The federal government yesterday gave out 70 per cent of Egbin power plant in Lagos to a Korean firm, KEPCO, for sale at the rate of $407.3 million.

This is just as Forte Oil, a partner of Amperium consortium, also confirmed that it had paid $33m (local component of N519.12 million inclusive), being 25 per cent down payment for acquiring 51 per cent of Geregu power plant, into the National Council on Privatisation’s (NCP) account.

Chairman of the Technical Committee of NCP Atedo Peterside who gave the hint of the sale of Egbin power plant after a meeting of the council chaired by Vice-president Namadi Sambo at the presidential villa, Abuja, received a confirmation of the 25 per cent payment made by Forte Oil for Geregu power plant from its chief executive officer (CEO), Akin Akinfetiwa, in the presence of State House correspondents.

Briefing journalists alongside minister of communication technology Mrs Mobolaji Johnson and acting director-general of the Bureau of Public Enterprises (BPE), Mr Benjamin Dikki, Peterside said NCP also approved the sale of Omotosho and Olorunsogo power plants to the Chinese firm that was building them.

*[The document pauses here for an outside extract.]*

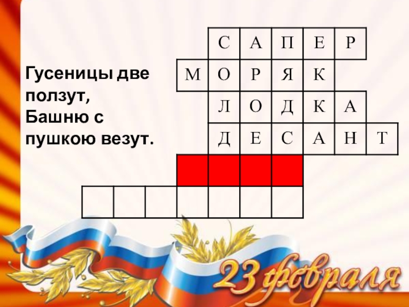 Слайд 14Гусеницы две ползут, Башню с пушкою везут.

Noting that the Chinese firm was offered the right of first refusal for the plants worth $166 million, he added that government reached a pact with the firm to acquire 51 per cent stake on completion.

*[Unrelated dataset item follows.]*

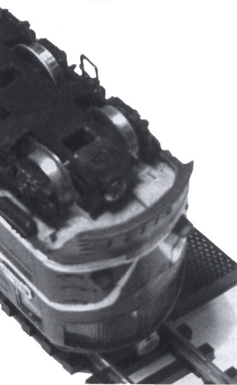 Автор: Р.Мишин. Источник: "Локотранс", 2006, № 3. Не секрет, что ходовые качества пересветовских локомотивов, особенно последних 2-х лет выпуска оставляют желать лучшего, Не будем вдаваться в причины почему это происходит. Согласитесь, конечно, проще высказывать претензии по качеству изготовления и говорить, "мол это не так", "то -не эдак" и т.п. Я не ставлю своей задачей опорочить отечественного производителя моделей в ТТ. Ведь именно усилиями этой фирмы в России возникло полноценное и стабильное производство моделей железных дорог нашей отечественной тематики, причем, именно, тяги. Надеюсь эта публикация поможет вылечить некоторые болезни вполне неплохих по замыслу моделей. У меня в коллекции 9 секций ТЭЗ-ТЭ7. Эксплуатируются от 4 лет до 6 месяцев. Первый тепловоз был принят в эксплуатацию в конце 2001 г,. По своим ходовым качествам оказался весьма хорош и не потребовал каких-либо доводок, смазал только силиконовой смазкой узлы трения машины, С остальными дело обстояло по-разному: ТЭ-3, купленный полгода спустя ехал поначалу вяло, напряжение трогания было около 7,5 В. Достаточной тяги локомотив развивать никак не хотел. Ему в противоположность маневровый ТЭЗ, купленный в ноябре 2002 г., наоборот является одним из лучших, по качеству хода, локомотивов в моей коллекции. Остальные его собратья, купленные в 2003-2005 гг. поначалу совсем не хотели ехать. При попытке тронуться, внутри достаточно долго что-то хрустело и визжало, прежде чем модель начинала движение. Ставить в запас или на полку конечно не хотелось. Проанализировав такое несхожее поведение, напрашивается следующий вывод: Конструкция модели здесь ни причем! Скорее всего - дело в некачественной сборке или наличие дефекта в деталях. Дальнейшие опыты над тепловозами только подтвердили вышесказанное. Разобрав все секции, для чего нужно открутить два винта около топливного бака, я выстроил их в порядке убывания качества хода и подверг досмотру с пристрастием. Рекомендации владельцам и производителям у меня получились следующие, и их я предлагаю вниманию читателей ЛТ: 1. Для начала: если модель не хочет ехать, или едет не так как Вам бы хотелось, необходимо ее полностью разобрать. Снимаем корпус, затем маломощным паяльником отпаиваем провода питания с токосъемных полозьев тележки. Затем аккуратно снимаем поддоны тележек, так, чтобы случайно не обломить защелки, особенно со стороны сцепок. Вытаскиваем колесные пары и две малые шестеренки. 2. Тщательно осматриваем колесные пары, так как именно здесь начи¬наются препятствия плавному и спокойному ходу машины. Прежде всего, обращаем внимание на ведущие пары с шестеренками. На разных экземплярах мне довелось видеть шестерни пар из различных материалов. На последнем месте – материал серо-синий пластик. Мне попались две пары с такими шестернями и еще 4 таких же тележечных шестерни. Благодаря наличию запчастей, они были благополучно изъяты из состава действующих локомотивов. Вышесказанное относится и к другим шестерням в тележке. Пара с латунной шестеренкой. Локомотив с такими деталями будет производить при движении повышенный шум, если на шестерне есть заусенцы и неровности. Можно попробовать уменьшить шум. Для этого придется довести самым тонким надфилем форму зубьев до «идеальной». Надо сказать, что некачественное изготовление шестерен с дан

The NCP had, last week, signed an agreement with the preferred bidders to take over 10 distribution companies (DISCOs) and five generation companies (GENCOs).

Noting that only Afam power plant and Kaduna distribution company were still left to be sold, Peterside said the Geregu plant is currently valued at over $600 million, more than the $549 million it was valued at in 2007 when the federal government began negotiations to sell only 51 per cent equity of the plant to the same firm.

The Nigerian partners of the Korean company, Sahara Oil and Gas, are the same company that bought the Ikeja Power distribution company.

A source familiar with the transaction told LEADERSHIP that the Egbin plant was sold without a bidding process.

He said, “The company had initially bought the plant during the government of former President Olusegun Obasanjo. But in 2007 when Umaru Yar’Adua came into office and cancelled the contracts of public companies that were sold to primates investors, the government did not return the money paid by the Korean firm.”

He said, “What the government has now done is to re-evaluate the previous contact and the present cost of the Egbin power plant. What was initially paid was not as much as $407million.”

Also penciled in for sale to the Chinese firm, which has almost completed their construction, are Omotosho (Ondo State) and Olorunsogo (Ogun State).

Peterside said NCP’s offer of the plants on right of first refusal to the Chinese firm was the best because they would naturally understand the plants better and had agreed to a sale price the council considered reasonable enough.

He said the plants were offered for $166m, just as he pointed out that, except for Afam plant, “every other power plant owned by PHCN now has a core investor”.


Forte oil pays $33m for Geregu power plant

Forte Oil, which was given 15 days’ grace, however, paid the purchase sum of $33m immediately at the end of the meeting after the approval was granted.

NCP also considered the report of the progress being made by the attorney-general of the federation on arbitration which was delaying the privatisation of the Ajaokuta steel plant and Aluminium Smelter Company of Nigeria (ALSCON).

Minister of Mines and Steel Development, Sani Sada, who disclosed this, said the parties engaged in the dispute had in their initial meeting tried to settle out of court, adding that some useful discussions to take the resolution further were ongoing.

He said, “We are beginning to see that very soon we are likely to conclude some of those issues, such that BPE will take full charge of these two important facilities, and they are appropriately privatised, not the way it happened before that is now putting us into these issues.

“This time, it will be in such a way that they will come back to contribute the way that they are expected to as major industrial backbone of the Nigerian economy.”

The NCP also approved the Nigerian Postal Service (NIPOST) Reform draft bill which will soon be forwarded to the Federal Executive Council for onward transmission to the National Assembly for necessary legislation.

The minister of communication technology, Mrs Mobolaji Johnson, noted that, with the reform, NIPOST will only focus on commercial operation while a regulatory body will be set up for the sector.

Acting director-general of the Bureau of Public Enterprises (BPE), Mr Benjamin Dikki, said the council considered five draft bills for the transport sector. They are on port, road sector, inland waterways, railway and transport commission. The draft bills will be sent to the Federal Executive Council for consideration and onward transmission to the National Assembly.

But the two functions will be separated as a postal commission will be created to act as the regulator.